In Kiwi-Random-House/R-Projects: Building Analytic Apps with R

Principles {#principles}

Introduction {-}

Encapsulation and Abstractions

Take a look at the following two main.R versions:

Main application with low-level details

# main.R
## Load house prices data
temp_env <- new.env()
load(file = usethis::proj_path("data", "train_set", ext = "rda"), envir = temp_env)
data <- temp_env$train_set
rm(temp_env)

## Plot important amenities
par(mfrow = c(1,2))
plot(data$mpg , data$cyl, type = "p")
boxplot(mpg ~ cyl, data = data)

Main application with high-level abstractions

# main.R
data <- load_house_prices_data()
plot_important_amenities(data)

Both code snippets have the same intent: they load the house prices dataset and provide plots for data exploration. Notice how much cognitive load the first snippet requires as the human brain compiles the code. The situation aggravates further if the reader is not familiar with the R syntax. In contrast, the second snippet hides the implementation details by wrapping the details in functions. The high-level abstractions communicate that there are two events happening in main.R: loading and plotting of data. As a result, the code is simpler to read and understand.

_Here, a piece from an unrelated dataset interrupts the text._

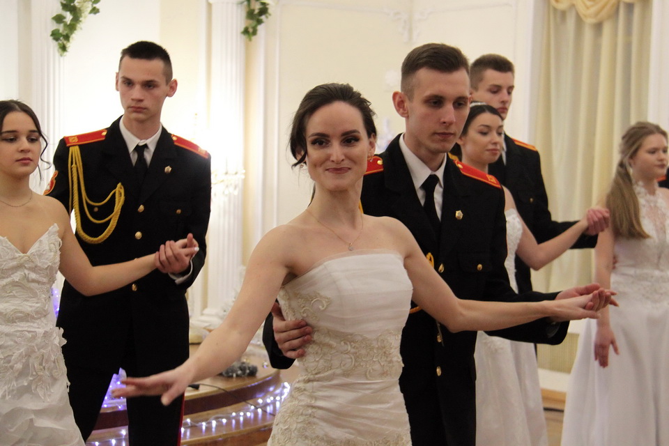 Сверкание люстр, блеск эполетов, прекрасная музыка, предвкушение восторга от возможности ощутить те чувства, которые испытывали наши прадедушки и прабабушки. Атмосфера Могилевского ЗАГСа располагает к исполнению в его стенах полонеза, галопа, вальса. Эти и другие танцы были включены в бальную карту вечера. Для кадетов это настоящий подарок – отдохнуть от кадетских будней и погрузиться в атмосферу XIX века. Для юных артисток студии эстрадного танца «Эдельвейс» Центра творчества «Эверест» – новый выход на сцену и повод примерить ослепительные вечерние наряды, о которых мечтают многие девушки всех столетий.

load_mtcars_data <- function(){
    mtcars <- datasets::mtcars
    return(mtcars)
}

Furthermore, the second snippet is easier to maintain and develop. These qualities are desirable in any software application. This is because software systems evolve as programmers acquire new knowledge and understanding of the problem the software is set to solve. Importantly, analytic applications are the result of scattershot and serendipitous explorations. As data scientist discover new findings and signals, they incorporate them in the analytic application. For example, plot_important_attributes original implementations is:

plot_important_attributes <- function(data){
    par(mfrow = c(1,2))
    plot(data$mpg , data$cyl, type = "p")
    boxplot(mpg ~ cyl, data = data)
}

Imagine a data scientist discovers, whether by client feedback or other mean, that there is another important attribute to include in the data analysis. Moreover, to reduce confusion, the data scientist decides to modify the plots aesthetics such that they contain titles. Then, plot_important_attributes mutates to:

plot_important_attributes <- function(data){
    par(mfrow = c(1,3))
    plot(data$mpg , data$hp, type = "p", main = "MPG ~ Horsepower")
    plot(data$mpg , data$cyl, type = "p", main = "MPG ~ Cylinders")
    boxplot(mpg ~ cyl, data = data, main = "MPG ~ Cylinders")
}